Somehow I tripped over an international market on my way back home and there, miraculously, was a jar of my ingredient on the shelf with the yak butter and ground beetle bits. I brought it home and eagerly started my recipe. The sauce was a component of a chicken marinade that ultimately, as it turned out, gets scraped off the chicken. I felt a little cheated. I’m never sure about marinades. Are they the ghosts of food? (Answer: No. You’re thinking of farts.)
So I looked for more recipes that use my Key Ingredient, and I found one. No problem!
Problem. The first ingredient on the recipe list: eight quail eggs.
Mind you, this wouldn’t have been a problem in the old days, when we lived across the street from Kevin and Scott and they kept quail chicks in their basement.
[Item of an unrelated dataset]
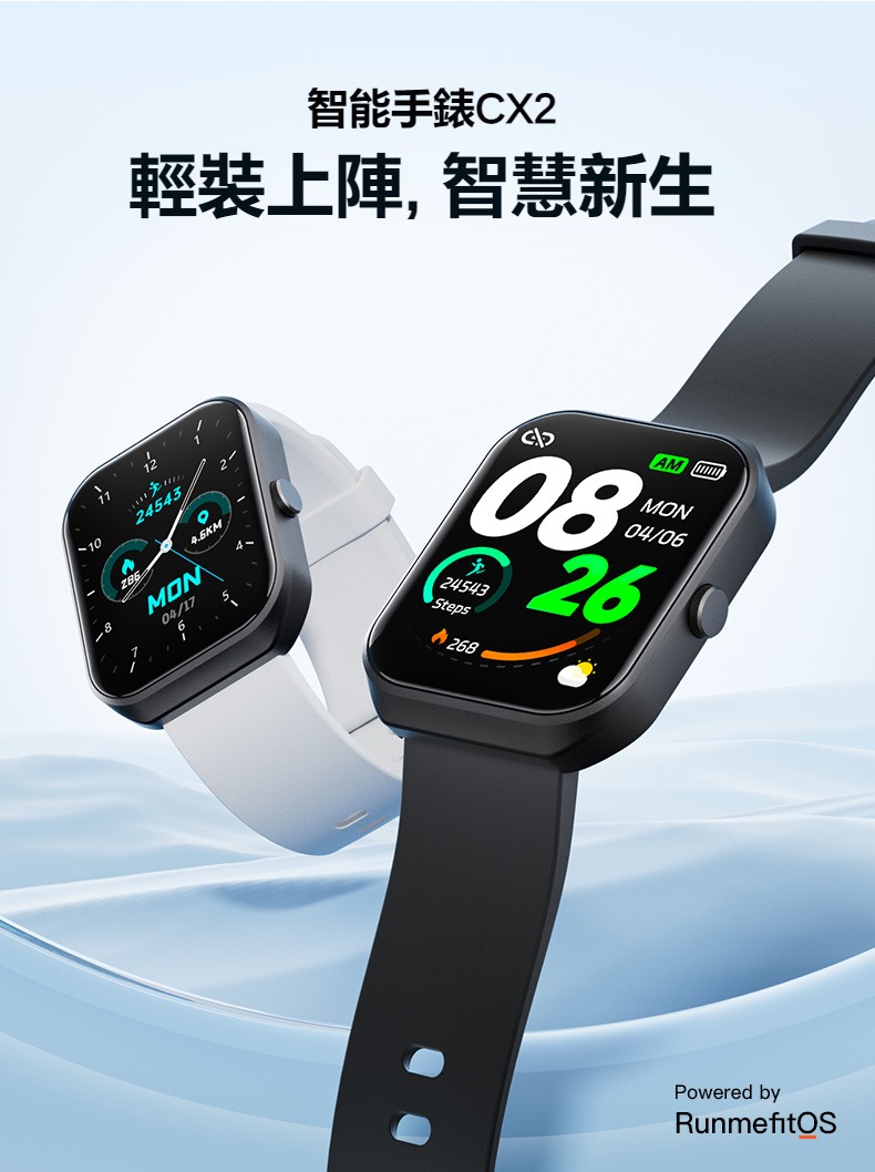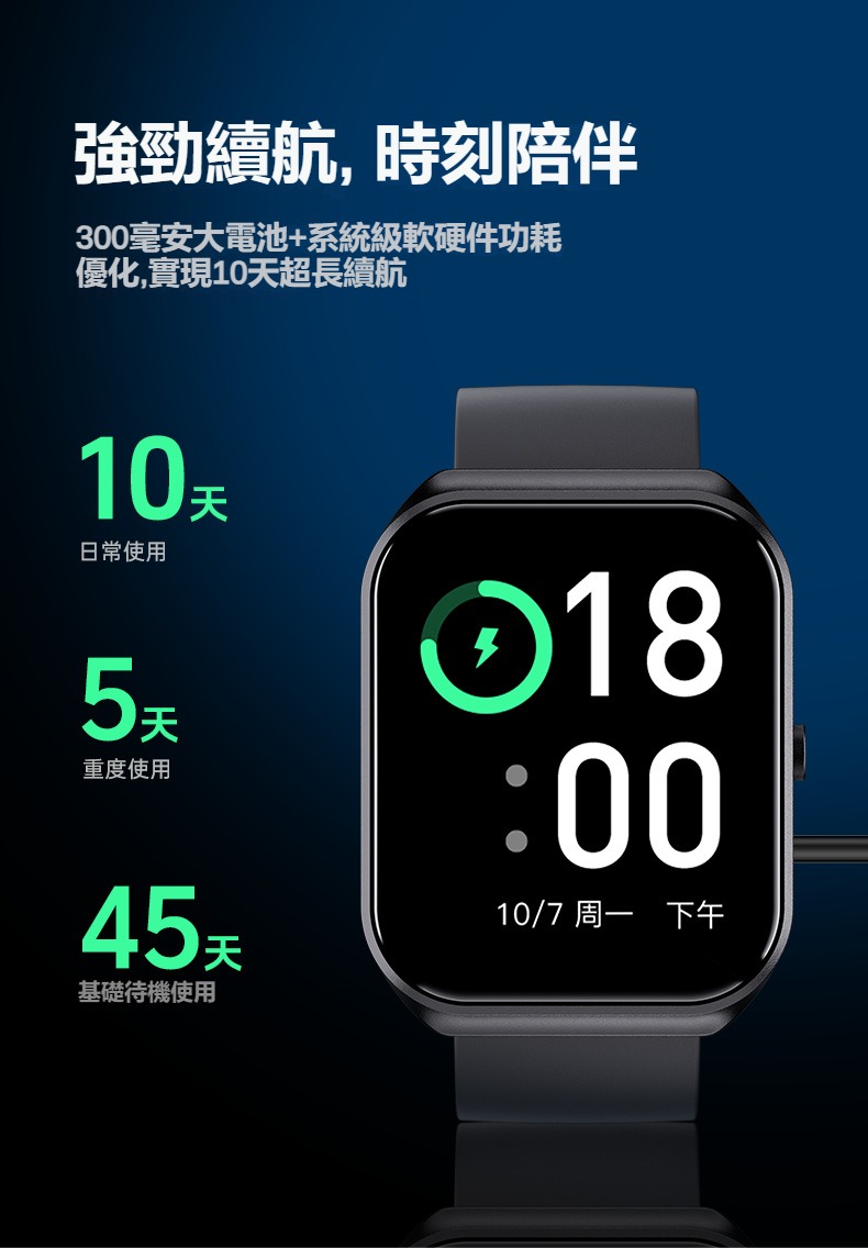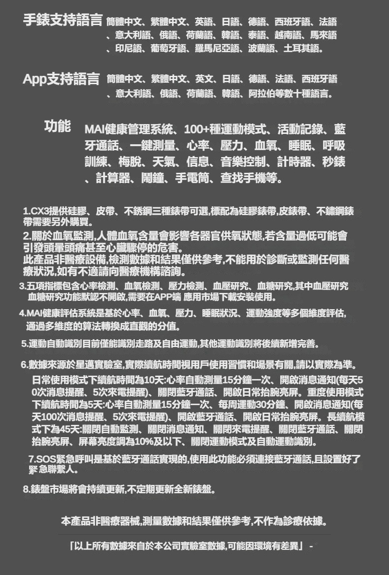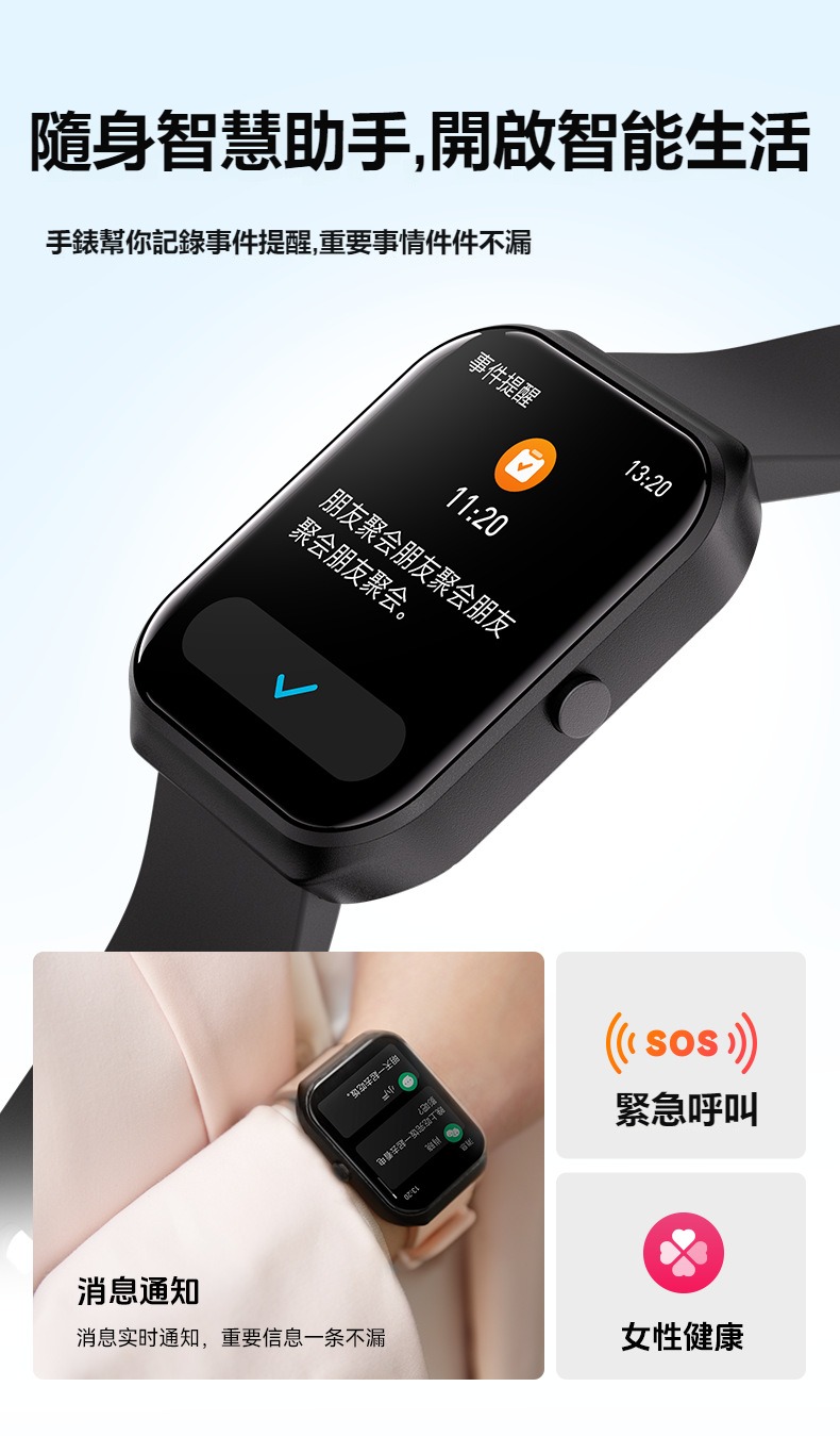 生活助手功能:智慧語言助理、鬧鐘、遙控拍照、秒錶、計時器、找手機、計算機、日曆、音樂控制、久坐提醒、天氣顯示

When the quails got excited they made the most impressive gargly bugle like they were shaking a bag of marbleized loogies and that always got Dave excited too, and then he’d be out on the front porch gargling right back at them, at the top or possibly bottom of his lungs, and we outlasted all the neighbors who witnessed that so who cares what they thought?
The point being we had quail eggs right across the street. First time we went over there after they got the quail, Scott, who is a master chef, offered Dave a dozen eggs for breakfast and asked him how he wanted them cooked, and Dave said “over easy,” because for a big guy he can be a real little shit, and Scott calmly plated up twelve quail eggs over easy, because he has skills.
But we don’t have ready quail egg access now and I don’t know where you’re supposed to find them. Furthermore they are supposed to be hardboiled and presented alongside of the main course, peeled. Peeled. I can’t reliably peel a chicken egg without having it go lunar on me.
Fortunately, the recipe says the quail eggs are optional.
Unfortunately, one commenter complained that the whole recipe should be thrown out because the authentic version definitely calls for hummingbird eggs.
I’ve got limits. I only just learned how to skin a butternut squash and I ain’t peeling no dang hummingbird eggs. If I did manage to do it, I’d devil the suckers. They would be adorable. I’d serve them with spider drumsticks and a dandelion-sepal salad.